BEGIN Recorded information
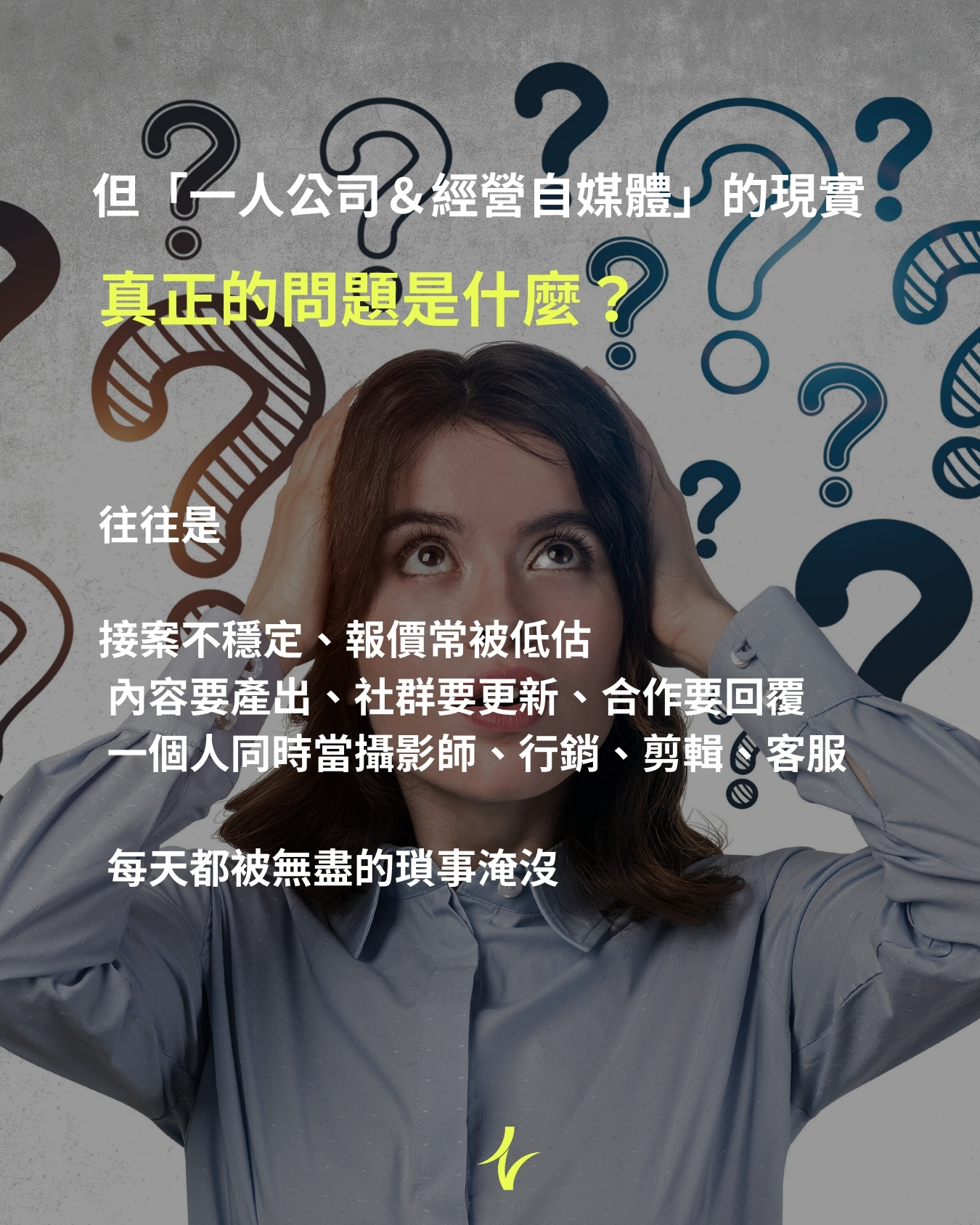 人人都能成為創作者的時代,你已經擁有了不起的技能,也渴望實現「地點自由」與「收入穩定」的生活。但現實的一人公司往往是另一回事——接案不穩定、報價常被壓低、每天忙在剪片、修圖、排程、回覆訊息與行政瑣事,根本沒有時間經營自己
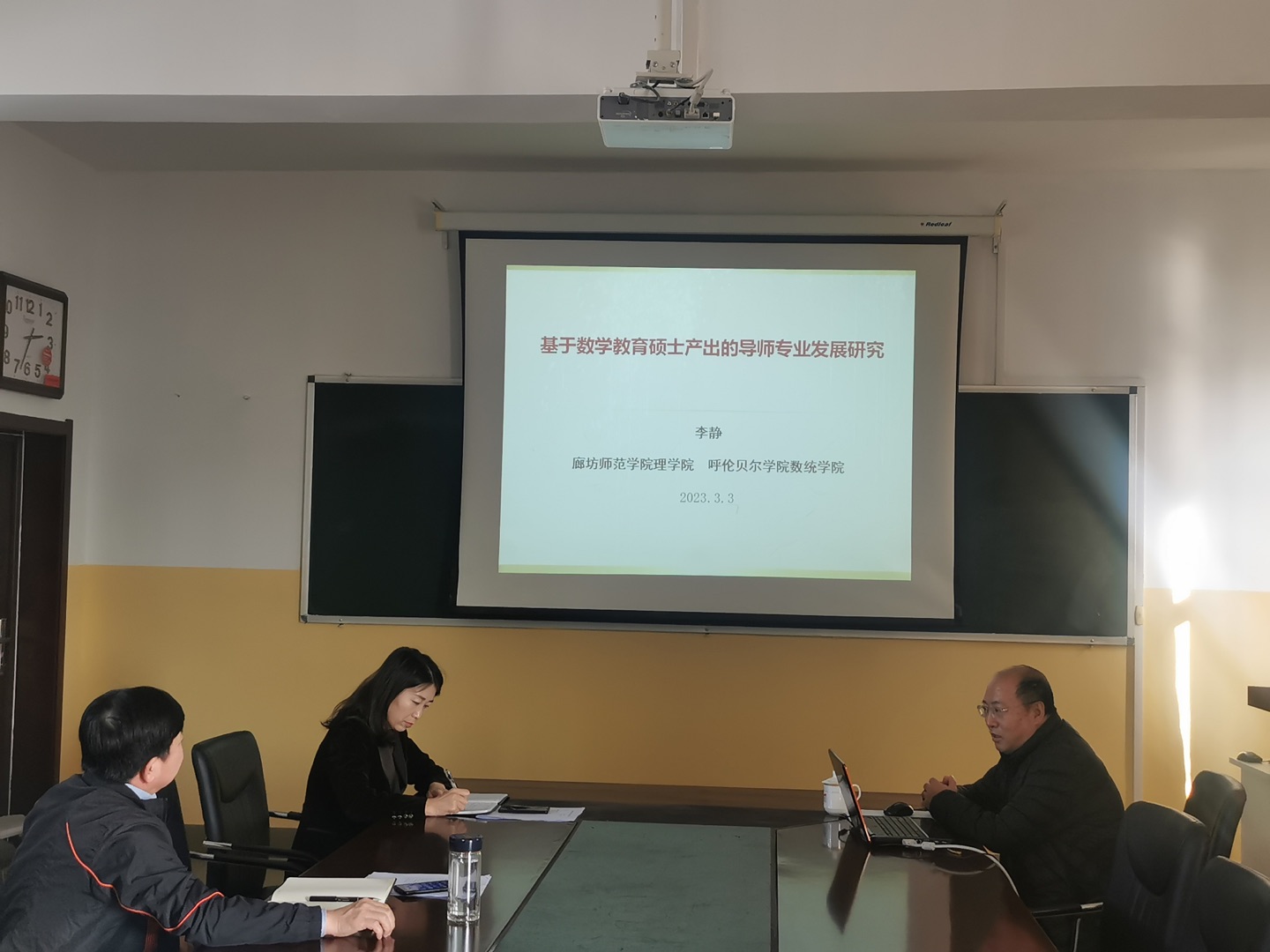 3月4日下午,數(shù)學(xué)與統(tǒng)計(jì)學(xué)院邀請(qǐng)廊坊師范學(xué)院李靜教授在篤學(xué)樓410與學(xué)院教師進(jìn)行座談。座談會(huì)由學(xué)院院長(zhǎng)張桂芝主持。
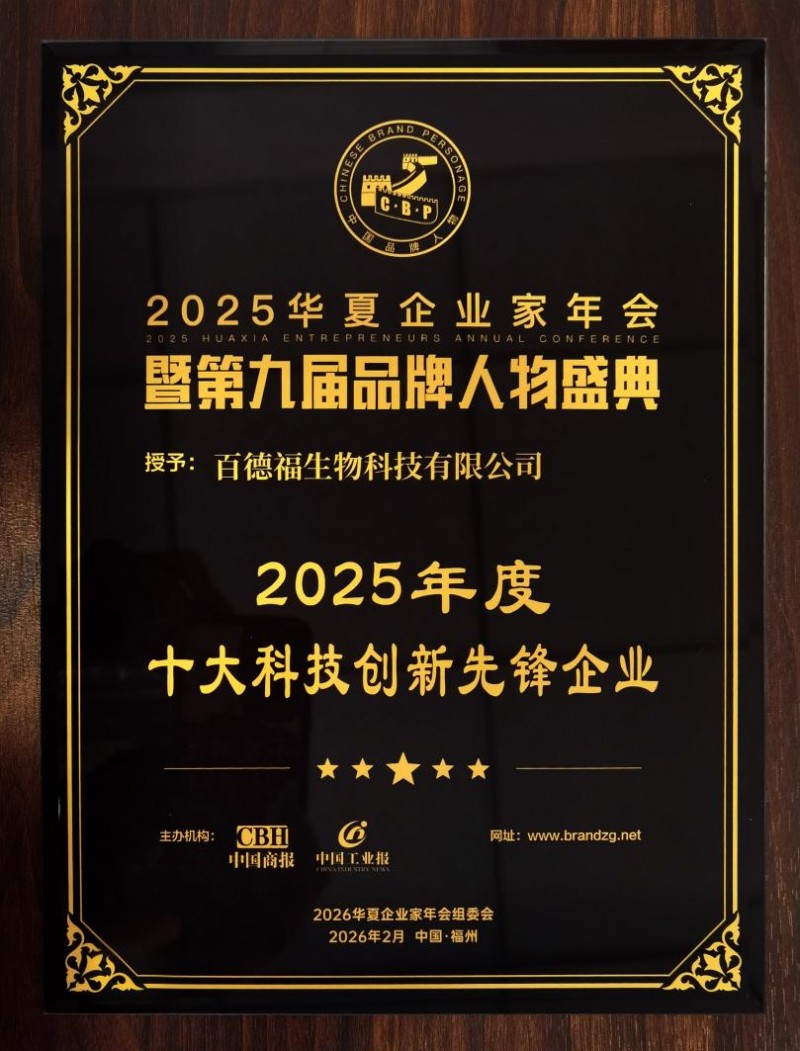 2026年2月5日至6日,以“同心致远方,携手向未来”为主题的2025华夏企业家年会暨第九届品牌人物盛典在福建省福州市隆重举行。大会汇聚了来自政界、商界、学界的众多精英人士,共同探讨经济趋势、分享创新经验、展望发展蓝图。在会上,百德福生物科技有限公司荣获“2025年度十大科技创新先锋企业”。
END Recorded information
Pictures are skipped here. Print exactly, and only, the lines from the one holding "3月4日下午,數(shù)學" through the final line of the material above, both ends included.

> Answer below:
 3月4日下午,數(shù)學(xué)與統(tǒng)計(jì)學(xué)院邀請(qǐng)廊坊師范學(xué)院李靜教授在篤學(xué)樓410與學(xué)院教師進(jìn)行座談。座談會(huì)由學(xué)院院長(zhǎng)張桂芝主持。
 2026年2月5日至6日,以“同心致远方,携手向未来”为主题的2025华夏企业家年会暨第九届品牌人物盛典在福建省福州市隆重举行。大会汇聚了来自政界、商界、学界的众多精英人士,共同探讨经济趋势、分享创新经验、展望发展蓝图。在会上,百德福生物科技有限公司荣获“2025年度十大科技创新先锋企业”。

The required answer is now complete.